Türk iktisadı bir yangın yerine dönmüş lakin hesap veren yok. Her fırsatta anlı ulu nutuklar atan Hazine ve Maliye Bakanı nerede? Türk Lirası'nın belini büktüler ve ortada hesap veren kimse yok.
“KİM BU DIŞ MİHRAKLAR, SÖYLEYEN BIRLIKTE UĞRAŞ EDELİM”
Bütün devlet erkanına sesleniyorum, kaynak ıstırabı varsa bir tasarruf önlemi açıklayın. Fakat kendinizden başlayın!
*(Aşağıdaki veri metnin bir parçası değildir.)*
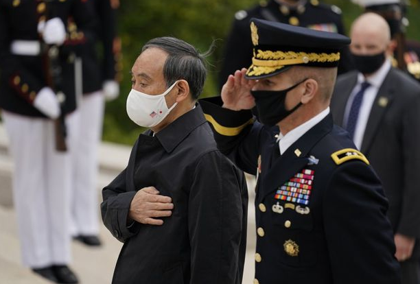 哈裡斯和他會談了壹段時間後又去陽台公開和菅義偉拍了照片,兩人非常親切;接著他還要見美國的壹位少將軍官,後者別有用意地拉著他去參觀了阿靈頓國家公墓,裡面葬有對日作戰死亡的拾幾萬名美軍士兵(包括轟炸東京行動的戰死士兵)。在菅義偉公墓獻花後壹段時間,他才去和拜登會談。

Uçaklarınızdan başlayın, lüks konutlarınızdan başlayın, tekrar tekrar yapılan saraylarınızdan başlayın. Yeni vergilerle milleti boğmayın!
Dışişleri Bakanlığı yapmış ve tezler yazmış biri olarak, Hazine ve Maliye Bakanı'nı “emperyalizme” karşı korumak için neredeyse cihad duyuru etmiş olanlara sesleniyorum, şu dış mihrakların ismini bir koyalım. Kimdir bunlar? Söyleyin daima birlikte gayret edelim.
Yandaş gazetelerinizin “Reis Trump” diye bahsettikleri Amerikan Lideri mıdır dış mihrak? Daima dostluk bildirileri verdiğiniz Rusya mıdır? Avrupa mıdır? Yoksa kapılarında SWAP süreci için merhamet dilendiğiniz İngiliz Merkez Bankası mıdır? Çıkın söyleyin kimdir?